We go backwards before all was said
Before I uttered words that broke us beyond repair
Before I gave up on what I will now eternally regret

The door unshuts with you still standing there
Mouths unmoved
words retracted
Instead I hug you tightly, let you know I still care
Maybe just maybe you would still be here.

If I should have a daughter

If I should have a daughter
The first thing I will teach her is
No not how to talk
But how to listen

Listen to her voice of reason
Telling her she can achieve anything
That she holds the key to her own destiny
And not the destiny prescribed by society

I will teach her how to express herself
How to use words to communicate her thoughts
Actions to back them up
And not hide her opinions because she’s expected to

I will show her the world
And as much as I’d like to do that in reality
I might have to Improvise with a crash course in geography
And we can explore the planets with our books and imaginations
As I would teach her that books and her imaginations would be her first tool to realization

Of course I won’t forget to teach her of disappointments
And the sometimes cruel reality of expectations
Of how open hearts will sometimes break
And her trust might be on a lost cause

I will have to have the ice cream and chocolates ready
As I let her understand that tears like rain will help wash dirt away
That love as it may will sometimes lead to shattered hearts
But time will slowly but surely mend the parts

She will learn that experiences however bad will make her grow
And like her mother she would gain the strength to overcome all obstacles
My end will only be her beginning
And without me she will go on to become anything
Regardless of her imperfections and her flaws
Because she comes from a lineage of warriors

Overall I’ll teach her of gratitude
How to be thankful
For everything she is and will be
I will teach her of where faith has taken me
And how far she could go if she just believes

The Kid you couldn’t help

By now I must be the kid who committed suicide
A lot of you are probably wondering what went wrong
Well what did you know about me before I committed suicide?
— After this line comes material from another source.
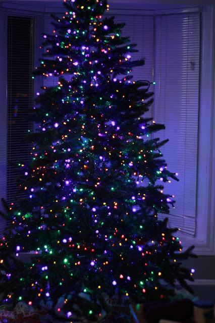 1. When we bought the tree (our first Thanksgiving married) it was pre-lit. We thought we bought a multi colored tree, but it was white. We decided to buy a bunch of multi colored strings to change the lights. I did…. and holy batman, it was a ton of work.

Did you notice how I would stare into thin air?
Thinking of the many places I’d rather be
Did you notice how I would never speak?
Unless necessary and even then I mostly squeak
You probably didn’t
you were part of those people who merely ignored me
Those people who reminded me I was a nobody

No you didn’t say it but you didn’t have to
I could hear it loud enough from your actions
The little laughs at my expense
The assumptions that I can’t speak for my lack of sense
When all I wanted were friends

No you didn’t notice my hate from the lack of love
My rage cause I knew I deserved better
My envy for the people it seemed God loved more
The depression that grew from the realization that I would never get there

You’re probably now wondering why you never noticed
Well the signs were there if you cared enough to look
Maybe you could have changed my mind, maybe you couldn’t
Well no need for regrets
This is only one story of a kid you couldn’t help.

Love Hate

Felt like I was on a new high
Felt the happiness flame up like fire
Even in the dark you were my eternal light
Nothing could have possibly felt this right

It seemed like life was at its blissful peak
And yet I’ve never felt so weak
But it didn’t matter
Cause you were there and I had my happily ever after

But the end came later than sooner
And reality hit with its sad humor
To have gotten so far
But to find out in the end that it was nothing but a farce
To find out I was nothing of importance
More like an actress with a performance

But that’s life you know
With sadness lurking in every hole
And just like everything else
Love buried in all that lies
Still inevitably dies

Perfect Stranger

I may never admit this to you
But I noticed you noticing me
And even from the far distance
You already captivated me

I know better than to talk to strangers
I know of all the possible risks
But if you had walked past me
I may have shocked us both by taking the lead

Much to my relief
You stopped in front of me
And although you said the silliest thing
Just staring at your face filled me with need
After that everything you said became the perfect thing

CHOICES…

Ever thought how you’d end?

What the future would be like?

What people would have to say when you die?

 

The way we choose to live today is likely to affect tomorrow

The way we treat others is likely to follow

The things we have said will surely reflect

The actions we have done we’d bear their effect

Whatever we think of ourselves would not in the end matter

Its whatever we make of ourselves that would affect the latter

The sins we have committed we would eventually bear its consequences

The souls we destroyed we would certainly bear their vengeances

The things we should have done or shouldn’t have done would pile as regrets

The regrets would eventually turn to bitterness

With just bitterness the end would only seem meaningless

This is only for those who have lived or are living life so clueless

But For those who have lived and are living life righteously

Those who are willing to gain their labour’s fruit patiently

Those whose words have only brought blessings

Whose actions have gained cheering

Whose life is worth remembering

who treated others with kindness

Who no matter the hardship only lived with brightness

For those the end would surely come with gracefulness

The life we should live should be one we could account for

The kind of life where even in the end there are little regrets

Where the funeral would be a grand event

Where our name would forever be known for generations to come

But of course for only the good we have done

 

I say this in the memory of the great life of a legend

Whose name would forever be said with praise

Who would be known for the inspiration he raised

Muhammed Ali was a man of greatness

And he would be remembered for that greatness

May his soul rest in perfect piece.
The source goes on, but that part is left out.